A School Board of 5 members was formed in 1879

John Toull was clerk to the board and the attendance officer

The School builing was erected in 1879 at a cost of £700.00

The village School had 108 children on the register, the average attendance was 90.

In 1890

William Thomas Earle was the Headmaster of the School

An Infant School for 30 was also formed, the average attendance was 12

Mrs Elizabeth Payne was Headmistress


My memories of Northrepps Primary School

April 1947 to July 1953 by Ann Dunning

For my first term at the school Mr Freeman was still Head Master, as he had been since about 1918 - he had also been Head when my mother (Payne) attended from 1927 to 1928.

My Infant teacher was Miss Mills - an unqualified teacher who had to leave after about a year. When Mr Freeman retired, the Junior teacher, Dorothy Gregory was promoted to his position and Miss Clarke arrived to take the Middle class.

In my early years there, pupils who had not passed the 11 plus exam, stayed on until they left school at 15, but in 1949 Cromer Secondary Modern opened and the numbers dropped to less than fifty, but we still had three teachers.

Initially, those who live too far from the school (as I did, at Hungry Hill) or didn’t have relatives to go to, took packed lunches. After about a year we started to have cooked lunches, brought from Southrepps school. Two mothers of the pupils - Mrs Gray (Albert’s mother) and Mrs Chapman (Billy’s mother) served out our meals.

The school caretaker was another mother - Mrs Gertie Risebrow. Toilets then were bucket variety at the road end of the back playgrounds.

We did P.E. in the front playground, especially after Miss Clarke joined the staff, and used the football field too (when the first village hall was built it was opposite the present one, so the field play area was larger.)

Mrs Gregory was very musical and we began to take part in the Annual Cromer Festival of Music and Drama in a choir, group choral speaking, individual verse speaking and recorder playing. Initially, we had a peripatetic recorder teacher, who came one afternoon a week. In 1952 (see newspaper cutting), we also entered the Drama Competition with “Topsy”, in which I played her - we won 1st prize beating Cromer School’s “Alice in Wonderland” and repeated our performance at the Winners Concert on Cromer Pier on the Saturday night.

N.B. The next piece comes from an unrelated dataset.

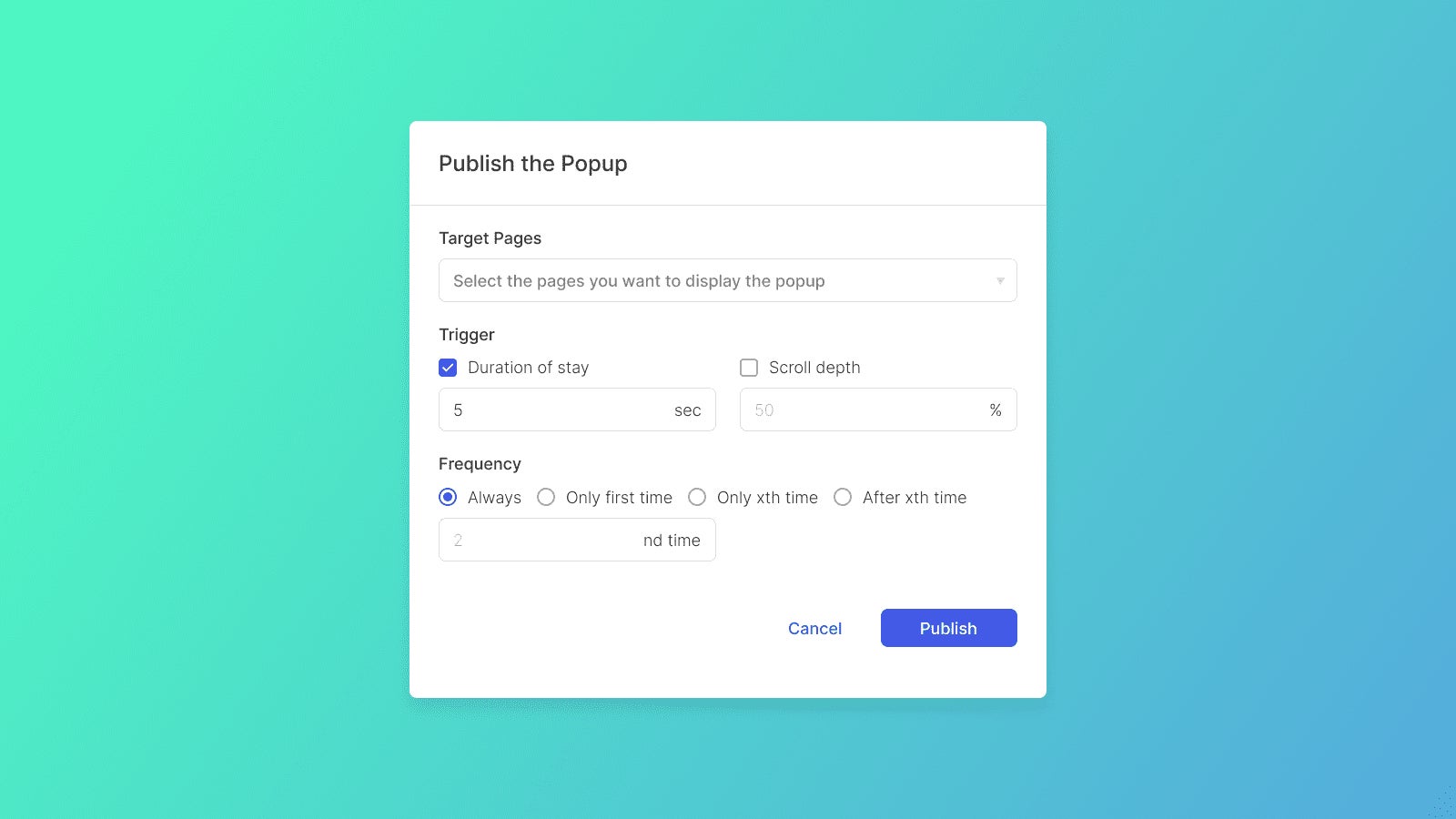 ポップアップの公開は以下項目に応じて表示するタイミングを設定できます。
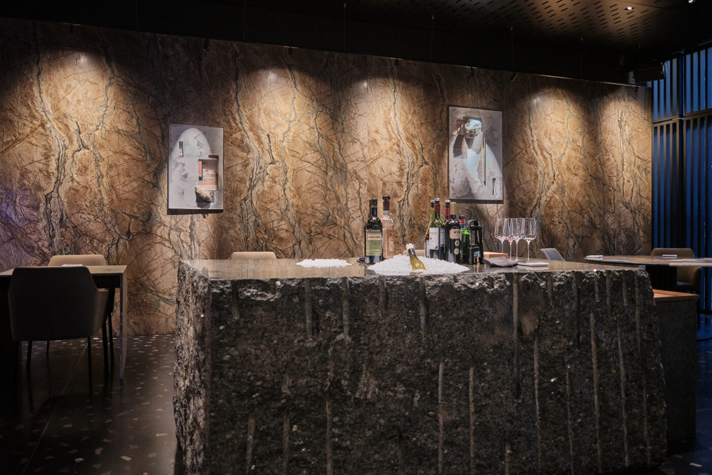 Near the center of the room stood a massive granite island filled with ice, where wine and spirits were elegantly displayed—a show-stopping feature that also served a practical purpose: keeping the evening’s beverages perfectly chilled. I noticed only one large table in the distance, presumably reserved for big groups or special celebrations, while the remaining tables—mostly configured for three or four guests—added a layer of intimacy to the setting. It felt like the ideal venue for a quiet date night, a romantic dinner, or in our case, a culinary adventure shared between two inquisitive palates.

Miss Clarke was artistic and taught Art to the Junior boys while Mrs Gregory taught the girls knitting and needlework. I was insulted at having to knit a string dishcloth, as I could already knit dolls clothes, having been taught by my mother.

When we learned to write in the Infant class, we used chalk on small blackboards, then progressed to pencil and paper and finally to “dip in” pens. Most of us finished our time at Northrepps writing in “good hand” - my cousin Janet Payne won a national handwriting competition in the Children’s Newspaper.

The older children did gardening - the boys grew vegetables in the garden facing east, while the girls grew flowers in beds around the front playground.

The then Rector, Rev. Blyth regularly came into school to give Scripture talks.

Unlike today, when the top primary classes visit their Secondary School for initiation days, we did not. However, for those going on to Cromer Secondary Modern, they did at least visit the school for a Dance Festival. We learned the country dances at Northrepps then met with our peers from the other schools there for an afternoon.

During our last year at Northrepps, a lot of emphasis was put on practice for the 11+ exam - in England, arithmetic and “Intelligence Tests”. Eunice Wright and I passed both parts - in previous years, the second part had involved an interview with the Head Teacher of either the Paston Boys Grammar School or the Girls High School. We went “blind” to the latter in September 1953, on the train from Cromer, although our mothers had previously been to the school to sign papers saying we would stay on until we were 16, as normal school leaving age was then 15.